Acknowledgement sent
to
Rob Browning <rlb <at> defaultvalue.org>
:
New bug report received and forwarded. Copy sent to
bug-guile <at> gnu.org
.
(Sun, 16 Feb 2020 18:22:02 GMT)
Full text and
rfc822 format available.
Message #5 received at submit <at> debbugs.gnu.org (full text, mbox):
[Message part 1 (text/plain, inline)]
(hash #:x most-postive-fixnum) hashes to the same value for all keyowrds
in at least 2.2 and 3.0. Here's one potential fix for 3.0, and I'd be
happy to adjust it for 2.2 if needed.
[0001-Implement-hashing-for-keywords-i.e.-hash-x.patch (text/x-diff, inline)]
From b380102564aad053f22586eb404e99c82635a3b0 Mon Sep 17 00:00:00 2001
From: Rob Browning <rlb <at> defaultvalue.org>
Date: Sun, 16 Feb 2020 12:12:08 -0600
Subject: [PATCH 1/1] Implement hashing for keywords, i.e. (hash #:x ...)
Add keyword handling to (hash ...).
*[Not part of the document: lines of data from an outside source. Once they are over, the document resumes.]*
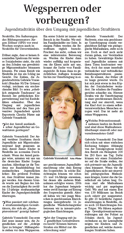 Die Neuköllner Ausgabe der <link http: www.berliner-woche.de _blank external-link-new-window einen externen link in einem neuen>Berliner Woche interviewte für die Ausgabe vom 21. Februar 2007 Gabriele Vonnekold zum Umgang mit jugendlichen Straftätern. Dabei betont unsere Jugendstadträtin, dass es das erste Ziel immer sein muss, "die Jugendlichen auf die "richtige Spur zu bringen." Hilfsangebote stehen vor dem Wegsperren." Dabei kann es jedoch nicht darum gehen, nur Verständnis zu haben: "Gewalttätige Kinder und Jugendliche müssen mit ihren Taten konfrontiert werden, doch das muss immer innerhalb verlässlicher und verbindlicher Beziehungsstrukturen passieren". Dabei muss ein Schwerpunkt auf der Prävention liegen: "Abhängig von der Sozialprognose kostet den Bezirk ein Heimplatz 200 bis 250 Euro am Tag. Dafür können wir einen Sozialarbeiter auf die Straße stellen, der sich präventiv um die Jugendlichen kümmert."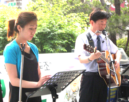 제일은행 본점(종로1가)앞에서 거리콘서트를 하는 최자영, 왕현모 회원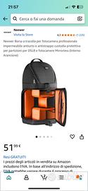 Non ingombrante e puo contenere due reflex con obiettivo o una corpo macchina e fino a 4 obiettivi.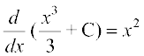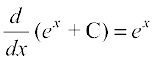 and ex are the anti derivatives (or integrals) of x2 and ex, respectively. Again, we note that for any real number C, treated as constant function, its derivative is zero and hence, we can write (1), (2) and (3) as follows :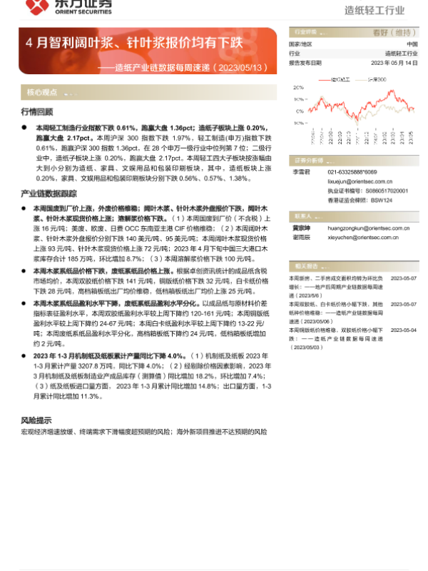 【东方证券】【20230514】20230514-东方证券-造纸产业链数据每周速递:4月智利阔叶浆、针叶浆报价均有下跌-13页

Previously it would just return the
same value for all keywords.
* libguile/hash.c (scm_raw_ihash): Add scm_tc7_keyword case.
* libguile/keywords.h (SCM_I_KEYWORD_HASH): New macro.
---
libguile/hash.c | 3 +++
libguile/keywords.h | 2 ++
2 files changed, 5 insertions(+)
diff --git a/libguile/hash.c b/libguile/hash.c
index d6e93dae0..c51a794c9 100644
--- a/libguile/hash.c
+++ b/libguile/hash.c
@@ -35,6 +35,7 @@
#include "chars.h"
#include "foreign.h"
#include "gsubr.h"
+#include "keywords.h"
#include "numbers.h"
#include "pairs.h"
#include "ports.h"
@@ -307,6 +308,8 @@ scm_raw_ihash (SCM obj, size_t depth)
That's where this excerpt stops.